コラム地域・海外

コロナ後の海外旅行はどう変わるか いつ再開できる?

最も影響を受ける業種

旅行会社や航空会社・宿泊業者にリゾート地等、これらの旅行業界はコロナウイルスにより大きな打撃を受けています。

そして今後の展開を考えた時、最も影響を受けるだろう業種は、海外旅行関係の会社と言えます。
例えばこのままめでたく、1~2ヶ月で日本のコロナウイルスが終息したとしましょう。国内旅行であれば、段階的に回復が見込めるかもしれません。
しかし海外旅行は話が別です。未だ収まっていない国への渡航は自粛勧告が終息するまで続くでしょう。
また、日本は行動の自由が尊重されるため出国することが出来るかもしれませんが、相手先の国が受け入れてくれるかどうかわかりません。

現在日本人に対して入国制限措置を取っている国 184か国にも及ぶ
現在日本人に対して入国制限措置を取っている国 184か国にも及ぶ
外務省ホームページ

コロナ前、多くの国で渡航ビザが免除されていましたが、ここ数ヶ月、かなりの国でビザが必要になっています。そしてなかなか降りません。そもそもビザを持っていても入国が拒否されることすらあります。

さらに、うっかり発熱等の症状が出た場合、コロナウイルスでないとしても3週間程隔離されることを覚悟しなければなりません。現地で十分な医療が受けられるかどうかもあやふやです。

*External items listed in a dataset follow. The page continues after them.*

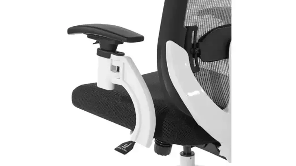 White Vertical Mesh High Back Chair with Height Adjustable Lumbar Support, Colored Mesh Seat, Height Adjustable Padded Arms, and White Angled Nylon Base. Chair rotates 360 Degrees. Choose from a variety of 100% Polyester Mesh Seat Colors. Features: Pneumatic Seat Height Adjustment, 2 -to -1 Synchro Tilt, Tilt Tension, Tilt Lock and Seat Slider. Overall Dimensions: 29.25" W x 25.25" D x 39.5-43.75" H. Seat: 21" W x 18.75" D Back: 19.5" W x 22.5" H Arms to Floor: 26.75" Ships ready for easy assembly.
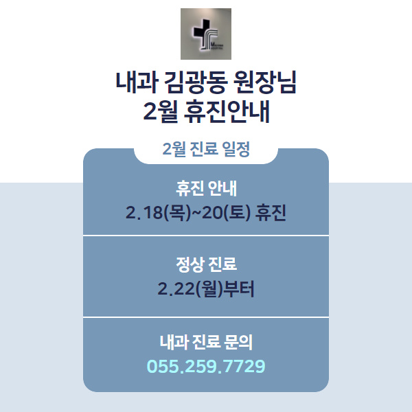 정상 진료는 2월 22일 월요일부터 시작합니다.
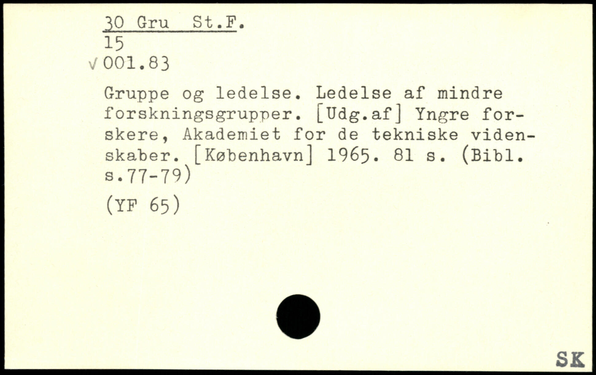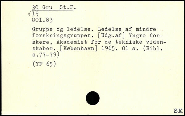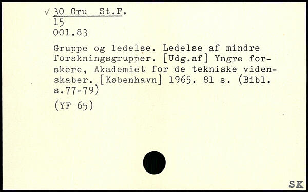Gruppe og ledelse. Ledelse af mindre forskningsgrupper. [Udg.afJ Yngre forskere, Akademiet for de tekniske videnskaber.
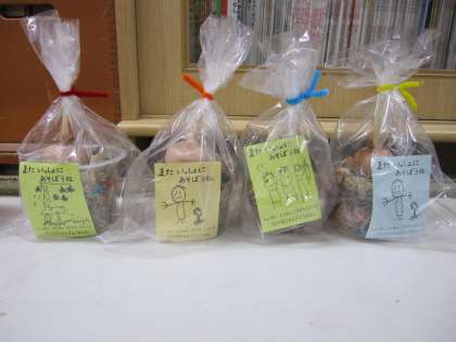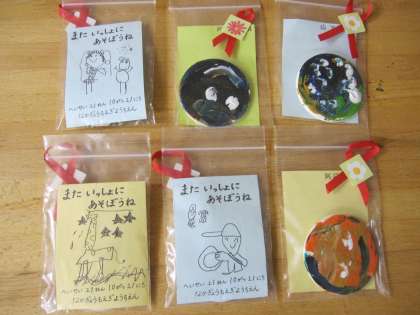 お祖父さんお祖母さんに参観日に渡せるよう子ども達が作って準備したプレゼントです。3歳児はサフランの球根、4歳児はクロッカスの球根です。幼稚園でも園児たちが栽培します。きっと「祖父母の方のはどうなっているかなあ」と思いを馳せながら育てることでしょう。そして5歳児は素焼きのブローチを作りました。幼稚園生活最後の学年での祖父母参観の思い出にいつまでも大切にしていただければと思います。好天に恵まれ恙なく祖父母参観日を終えることができました。本当にありがとうございました。今後共どうぞよろしゅうおたのもうします。
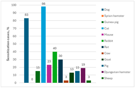 Polysensitization to other animals was very often observed among people allergic to horses. The percentage of sensitization to other animals was determined as follows: sensitization to cats—95%; sensitization to dogs—82%; sensitization to mice—40%; and sensitization to cows—31% in the group of 99 individuals allergic to horses by using ImmunoCAP ISAC tests (Figure 4). A similar profile of co-allergy was observed in case of using the Allergy Xplorer ALEX, where the percentage of sensitization to other animals was determined as follows: sensitization to cats—98%; sensitization to dogs—83%; sensitization to rabbits (40%); and sensitization to rats (30%) in the group of 40 individuals allergic to horses (Figure 5).
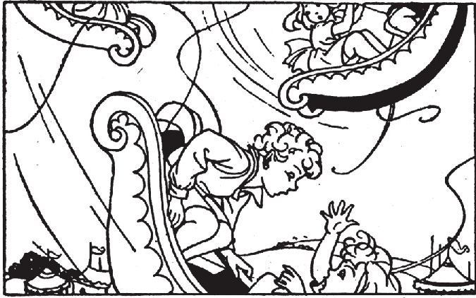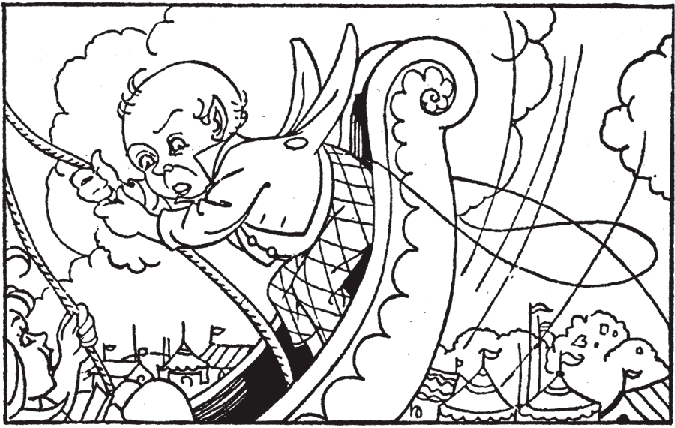 – Дети, скорее к облаку! – приказал всем Луник. – Страна качелей и каруселей вот-вот отчалит!
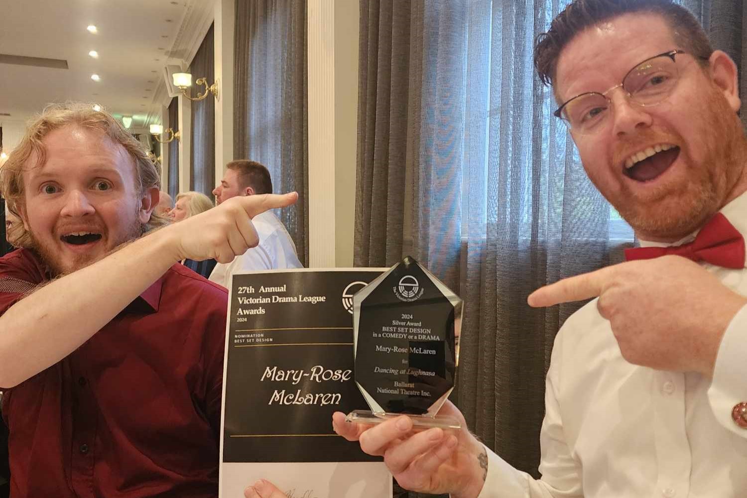 We're proud to share Ballarat National Theatre's success at the 2024 Victorian Drama League Awards on December 1. BNT was able to submit one show for consideration in this year's awards and due to timing, the eligible BNT show this year was Dancing at Lughnasa by Brian Friel. Many cast and crew involved were involved in other performances on the same day as the awards so a group of six members went down to represent BNT and see if we were nominated for any awards.
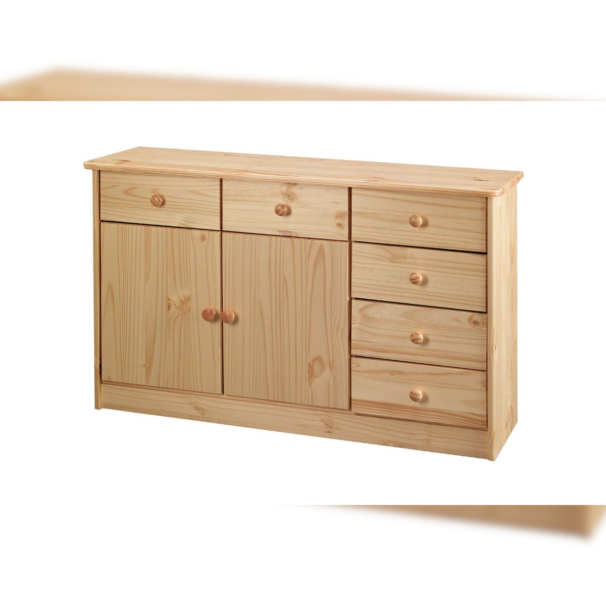 SIT Möbel Kommode | 2 Türen, 6 Schubladen | Kiefer massiv | Natur, lackiert | B 118 x T 35 x H 75 cm | 19001-27 | Serie KOMMODE

日本航空の株価 コロナ感染拡大に伴い半値近くまで値を落としている
https://stocks.finance.yahoo.co.jp/stocks/chart/?code=9201.T&ct=z&t=6m&q=c&l=off&z=m&p=m65,m130,s&a=v

コロナ前に比べ、海外旅行のハードルは一気に高くなってしまったのです。
多くの国で、内部留保の少ない航空会社が倒産の憂き目にあっています。
150を超える航空会社が、90%以上の便を運休しています。航空機の維持・整備、空港の利用料等や人件費はその間も掛かっているのです。どうやってもちこたえられるでしょうか。
(参照:coronavirus Flight Cancelation Tracker - googleスプレッドシート)

さすがに航空会社の倒産は国の経済へのダメージも大きいため、多くの国で経済的支援を行っていますが、それも長期的に続けることは難しいでしょう。

海外旅行はいつ再開できる?

未だコロナがいつ収まるかすらわかっていないので、確実なことは誰にも言えません。しかしいくつかの説があります。

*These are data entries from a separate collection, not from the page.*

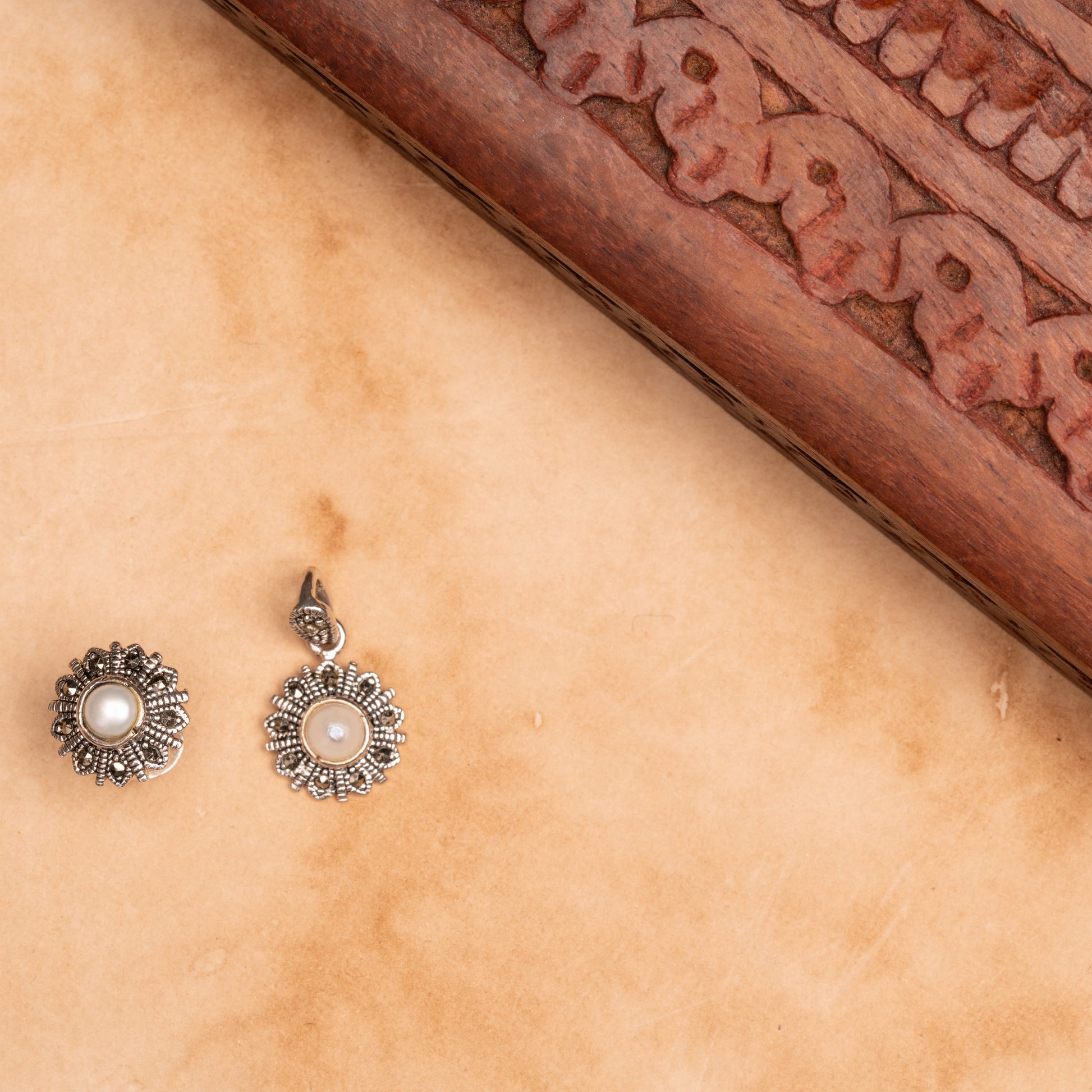A timeless jewelry set featuring a luminous pearl pendant paired with classic matching earrings. Elegant, refined, and effortlessly chic, this set adds a soft glow to any outfit—perfect for everyday grace or special occasions. (Chain is not included in the price)
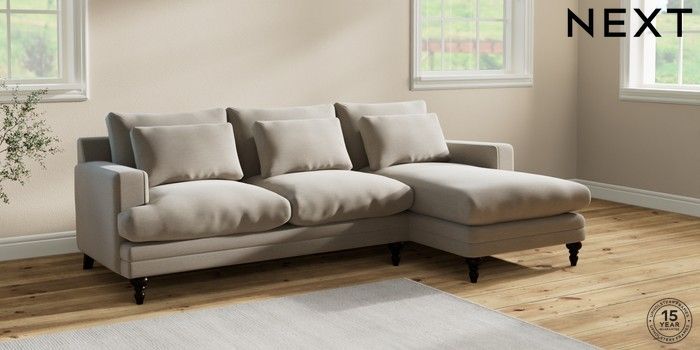 7.2.10 Hutton Deep Relaxed Sit Medium Sofa Chaise - Right Hand Ripple Chenille Light Natural Country Turned - Dark | Made Click here to use our website with more accessibility support, for example screen readers
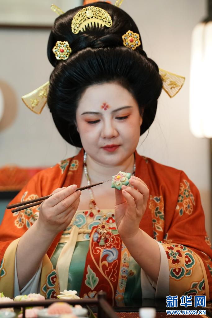 唐果子,是起源于唐代的传统特色糕点,佐茶而食,其造型精致、色彩丰富,曾在唐代宫廷贵族中流行。在西安,有着多年烘焙工作经验的“80后”李欢,一次偶然的机会与唐果子结缘。2020年,李欢与志同道合的伙伴成立公司,创立了“开元风雅”品牌,李欢也成为了品牌的主理人。她和团队埋首于唐代饮食文献之中,行走于各大博物馆内,从唐代文物的花纹图案中汲取灵感,结合健康饮食和现代口味需求精心调整配方,成功“复现”出一枚枚精巧的唐果子,受到人们的欢迎。
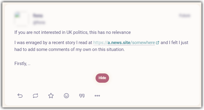 For example, you may wish to warn that a post contains some upsetting commentary, or images which some people may find offensive or irritating.

楽観的な説としては8月頃です。皆の自粛効果が功を奏し、日本で5月末や6月末ぐらいにコロナが終息し、更に日本政府・渡航先の政府それぞれが海外旅行をすみやかに受け入れた場合、この時期の可能となるかもしれません。
ただし、海外からの渡航者は最も警戒されます。世界的にコロナウイルスが広まったのは、海外旅行者の伝染が原因だからです。
入国時、厳しくチェックされるのはもちろん、抗体検査があるかもしれません。
更に、どのような移動経路で誰と接触したか、GPSの携帯・提出を求められることもありえない話ではありません。
そのぐらい海外旅行はシビアな問題です。

コロナウイルス抗体検査イメージ 血液を使用する

もう一つはある意味悲観的で、ある意味楽観的な展望です。
ワクチン、もしくは効果的な治療薬ができたのであれば、もうコロナウイルスを恐れる必要はありません。
多くの人が海外旅行を楽しむことが出来るでしょう。伝染病予防のため、完全にコロナ前と同じ、というわけにはいかないかもしれませんが、それに近い状況まで回復します。

ただしこのシナリオの場合、海外旅行が行えるのはしばらく後になるでしょう。
現在ワクチンの開発を進めているビル・ゲイツによれば、18ヶ月もの時間がかかります。2021年の終わり頃です。
それも上手く行ったらの話です。長期化する可能性すら有りえます。

航空料金が値上げする3つの理由

更に、海外旅行を解禁した後についても考えましょう。
多くの識者は、航空料金が値上げされるとの見解を出しています。

“If the recovery is as slow as we fear, it means our airline and our workforce will have to be smaller than it is today,” said United CEO Oscar Munoz and President Scott Kirby in a message to their employees last Friday.A leaner airline industry means some of the 750,000 jobs the industry had at the start of 2020 won’t come back. Hundreds of planes will almost certainly stay grounded, which will mean less capacity and higher fares.Many of the low-cost seats that passengers have enjoyed booking will disappear.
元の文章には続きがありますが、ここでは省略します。